The more I think of it, the more I think what you mean is that pop is merely exists to entertain and you wish art remains a centre of research, of questioning.

The irony is that contemporary arts being overtly intellectual, it often serve to accuse any affect at sentimenlism that pop culture may provide. Contemporary arts doesn't like it if I cry listening to a Johnny Cash tune, while nothing proves me if Johnny wasn't truly sincere when he asked me how I feel through his songs.

I think what some of contemporary arts are claiming is a right back to explore simple fascinations and the struggles of everyday emotions, but I wonder if there is a point where self-consciousness pose an obstacle to that.

Kind of like not being able to express your emotions because you are always watching yourself expressing them?

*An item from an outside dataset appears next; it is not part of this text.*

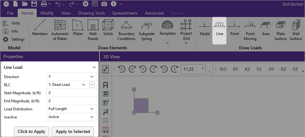 2. Click the Draw Line Load  icon and define the load in the Property Panel
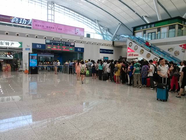 深圳买张票都要排长龙,检票口也是排长龙!9:50急着买10:05的票,看队列好长,问了几个都没人肯让我插队先买,这的人好无情,虽然有可能是来自其他地方的,但是这点确实比不上汕头,汕头人还是挺好商量的!等了很久,售票员说10:05的站票没有了,于是只好买最近一班车10:52的二等坐票了。好不容易买了10:52分的车票,还得等50分钟才可以上车,然后在潮汕站下车后,还要再等40分钟才能有大巴回家。到家都得2点半了。但好像也只能这样了。

I appreciate pop's self-indulgence on these matters.


Cedric Caspesyan

12 August, 2006 13:13  
Blogger Bill Gusky said...

Deborah -- great analysis, cuts right to the bone.

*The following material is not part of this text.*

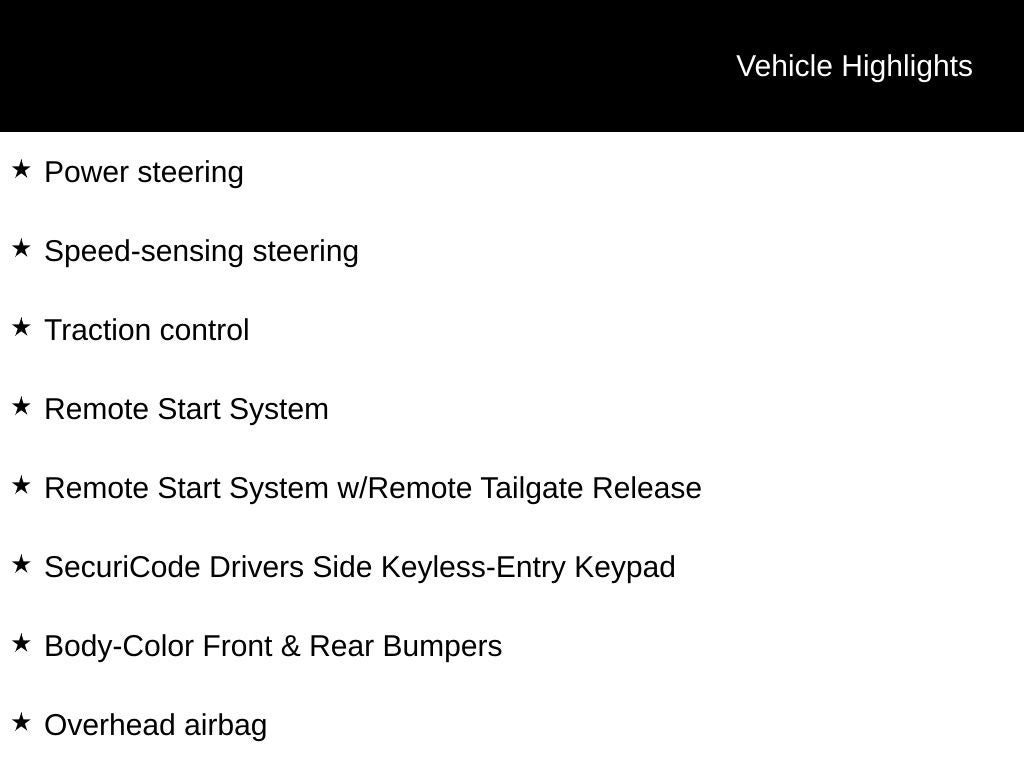 - Tailgate/Rear Door Lock Included w/Power Door Locks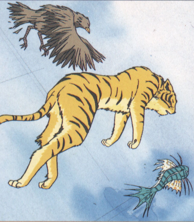 a partir de las estructuras de un pez, un halcón y un tigre, respectivamente

"...art is about breaking rules, not complicit participation in one of the most rule-bound cultural outlets going...the one place where everybody wanted the long, true answer to the "How are you?" question."

I think we agree that art is this place, but when you say 'art,' I think about the thoughts and actions surrounding art making, maybe to some extent art exhibiting particularly where those activities are nearly indistinguishable, and most art criticism. I can't say that the 'art world' is this place, crammed as it is with people informed by the insincerity you cite from the culture at large, and driven as it is by marketing which is all about insincerity.

Sometimes I detest the exalted sort of atmosphere of the fine arts, but when I read your post it really drove home for me the importance of that separation between popular and fine arts. Maybe I just wish that more people could travel in between them.

14 August, 2006 18:04  
Blogger Lisa Hunter said...

The LA Times had an interesting -- and tangentially related -- article about film critics this week. One of the critics, under attack for dismissing popular movies like Pirates of the Caribbean, retorted, "We're not an applause meter." I love that line.